For easy comparison between the two genders, I'd like to add a 'MenShare' (proportion of men to the total) column to the dataset:

In [47]:
#add a new column to stem, titled 'ShareMen'
#For each major, divide 'Men' value by 'Total' value
stem['ShareMen']=(stem['Men']/stem['Total'])

In [48]:
#show stem dataframe
stem

Unnamed: 0,Rank,Major_code,Major,Major_category,Total,Men,Women,ShareWomen,Median,ShareMen
0,1,2419,PETROLEUM ENGINEERING,Engineering,2339,2057,282,0.120564,110000,0.879436
1,2,2416,MINING AND MINERAL ENGINEERING,Engineering,756,679,77,0.101852,75000,0.898148
2,3,2415,METALLURGICAL ENGINEERING,Engineering,856,725,131,0.153037,73000,0.846963
3,4,2417,NAVAL ARCHITECTURE AND MARINE ENGINEERING,Engineering,1258,1123,135,0.107313,70000,0.892687
4,5,2418,NUCLEAR ENGINEERING,Engineering,2573,2200,373,0.144967,65000,0.855033
...,...,...,...,...,...,...,...,...,...,...
71,72,3604,ECOLOGY,Biology & Life Science,9154,3878,5276,0.576360,33000,0.423640
72,73,6109,TREATMENT THERAPY PROFESSIONS,Health,48491,13487,35004,0.721866,33000,0.278134
73,74,6100,GENERAL MEDICAL AND HEALTH SERVICES,Health,33599,7574,26025,0.774577,32400,0.225423
74,75,6102,COMMUNICATION DISORDERS SCIENCES AND SERVICES,Health,38279,1225,37054,0.967998,28000,0.032002


I'd also like to remove the columns 'Rank', 'Major_code', and 'Median', as they are not relevant for the analysis:

In [49]:
#deleting 'Major_code', 'Median', and 'Rank' columns
del stem['Major_code']
del stem['Median']
del stem['Rank']

Finally, I will rearrange the columns to have 'ShareMen' come before 'ShareWomen' so that it matches the original order of 'Men' before 'Women':

In [50]:
#rearrange columns in stem dataframe to the order I want them in
pd.DataFrame(stem, columns=['Major','Major_category','Total','Men','Women','ShareMen','ShareWomen'])

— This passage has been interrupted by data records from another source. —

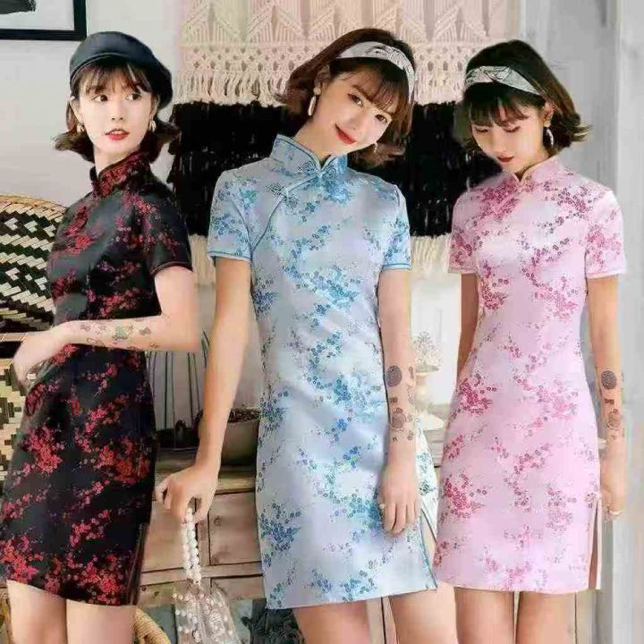 复古改良时尚短款两侧开衩旗袍连衣裙,独立包装,两整款,码数1-4码,数量287条,3码88厘米,货号1116#33。 货号:1323
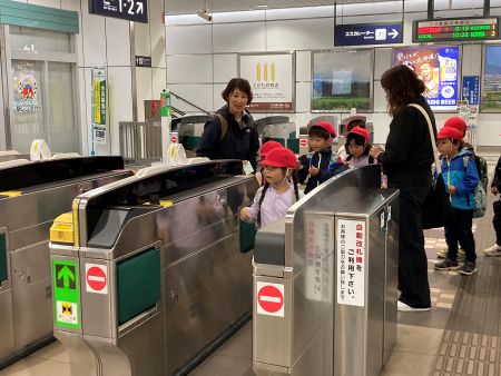 一人ひとり自分で切符を入れたよ!ドキドキ…!
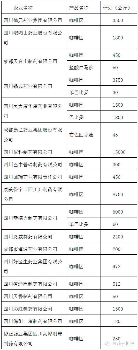 四川峨嵋山藥業股份有限公司,需用阿片酊量為3065立升。供應單位:西南藥業股份有限公司。

Unnamed: 0,Major,Major_category,Total,Men,Women,ShareMen,ShareWomen
0,PETROLEUM ENGINEERING,Engineering,2339,2057,282,0.879436,0.120564
1,MINING AND MINERAL ENGINEERING,Engineering,756,679,77,0.898148,0.101852
2,METALLURGICAL ENGINEERING,Engineering,856,725,131,0.846963,0.153037
3,NAVAL ARCHITECTURE AND MARINE ENGINEERING,Engineering,1258,1123,135,0.892687,0.107313
4,NUCLEAR ENGINEERING,Engineering,2573,2200,373,0.855033,0.144967
...,...,...,...,...,...,...,...
71,ECOLOGY,Biology & Life Science,9154,3878,5276,0.423640,0.576360
72,TREATMENT THERAPY PROFESSIONS,Health,48491,13487,35004,0.278134,0.721866
73,GENERAL MEDICAL AND HEALTH SERVICES,Health,33599,7574,26025,0.225423,0.774577
74,COMMUNICATION DISORDERS SCIENCES AND SERVICES,Health,38279,1225,37054,0.032002,0.967998


The final attributes are as follows:

1. Major - the major's name/description (categorical - regular)
2. Major_category - the STEM field the major falls under (categorical - regular)
3. Total - the total number of graduates with the major (numerical - discrete)
4. Men - the number of male graduates with the major (numerical - discrete) 
5. Women - the number of female graduates with the major (numerical - discrete)
6. ShareMen - the proportion of men to the total number of graduates with the major (numerical - continuous)
7. ShareWomen - the proportion of women to the total number of graduates with the major (numerical - continuous)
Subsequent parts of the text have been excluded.